Trips like TRR’s to St. John give wounded veterans a chance to reunite with fellow veterans after they return to civilian lives, explained Pannell, whose wife Danielle accompanied the group.
“When you get out of the hospital you’re not around these guys anymore,” Pannell said. “You go home to your town and although you might not be the only amputee there, the others stay behind closed doors mainly. So it’s nice to be around these guys again.”
Sharing and Teaching
“It’s good to get together with these guys and compare notes,” added Pannell. “We also get a chance to help the younger guys out and show them what we can still do.”
The trip offered Scott Morgan, a U.S. Army veteran who served in Iraq, a chance to get active again.
“I’m pretty much cooped up at home so this was a chance for me to get out and do something,” said Morgan, whose wife is a fourth grade teacher and couldn’t join him on the adventure. “We have a six-year-old daughter and I’m taking on-line classes so I’m inside a lot and can’t exercise like I used to. This is the first time I’ve kayaked and I really like it — it’s definitely something I’m going to keep up with at home.”

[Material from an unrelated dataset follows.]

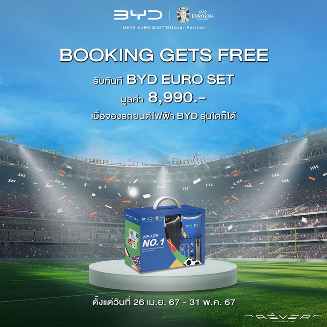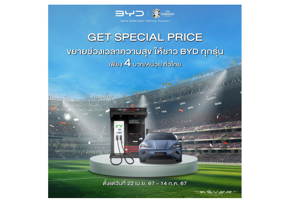 บริษัท เรเว่ ออโตโมทีฟ จำกัด ผู้จัดจําหน่ายและให้บริการหลังการขายรถยนต์พลังงานไฟฟ้า BYD อย่างเป็นทางการในประเทศไทย พร้อมเดินหน้าขับเคลื่อนการเปลี่ยนประเทศไทยสู่สังคมยานยนต์ไฟฟ้าและความเป็นกลางทางคาร์บอน และในโอกาสเทศกาลการแข่งขันฟุตบอลยูโร 2024 ที่มาถึงนี้ ทาง BYD ได้มีโอกาสเป็นผู้สนับสนุนหลักอย่างเป็นทางการ เรเว่ฯ จึงขอส่งมอบความพิเศษด้วยแคมเปญ BYD Euro Privilege สุดยิ่งใหญ่ต้อนรับยูโร 2024 รับถึง 3 ต่อ มอบสิทธิประโยชน์สุดคุ้มค่าให้แก่ผู้ใช้ BYD ทุกท่าน เพียงชวนเพื่อนหรือคนรู้จักซื้อรถยนต์ไฟฟ้า BYD ทุกรุ่น รับฟรี! 30,000 เครดิตสำหรับชาร์จรถไฟฟ้า ณ จุดชาร์จของ RÊVERSHARGER รวมถึงชุดของสมนาคุณสุดเอ็กซ์คลูซีฟ ลิขสิทธิ์แท้ UEFA EURO 2024 อีกมากมาย โดยเครดิตที่ได้ยังสามารถใช้ร่วมกับโปรโมชัน Plug and Charge ชาร์จไฟอย่างจุใจได้ในราคาเพียง 4 บาท/หน่วย ซึ่งขยายโปรโมชันไปจนถึง 14 กรกฎาคมนี้ได้อีกด้วย ผู้ที่สนใจสามารถเข้าร่วมแคมเปญได้ตั้งแต่วันที่ 1 พฤษภาคม – 14 กรกฎาคม 2567

Bill Johnston of Pittsburgh, PA, who served with the U.S. Marines in Vietnam has been kayaking with TRR for years and the experience has helped him gain confidence in all areas of his life.
“I have a lot of fun with these guys and they are such great instructors they make it easy,” said Johnston. “Once you get out there and propel yourself you really feel like you can just do a lot more.”
A number of local groups helped make the TRR trip a well-rounded St. John experience.
St. John Administrator Leona Smith’s office helped facilitate transportation logistics; Crabby’s Watersports donated kayaks and snorkel gear for the veterans to use; Arawak Expeditions led the group on an adventure tour; American Legion Post #131 facilitated transportation and food donations; Westin Resort and Villas and Starfish Market donated food; Skinny Legs hosted a luncheon; Maho Bay Camps provided a dinner; and Delegate to Congress Donna Christensen played an integral role as well.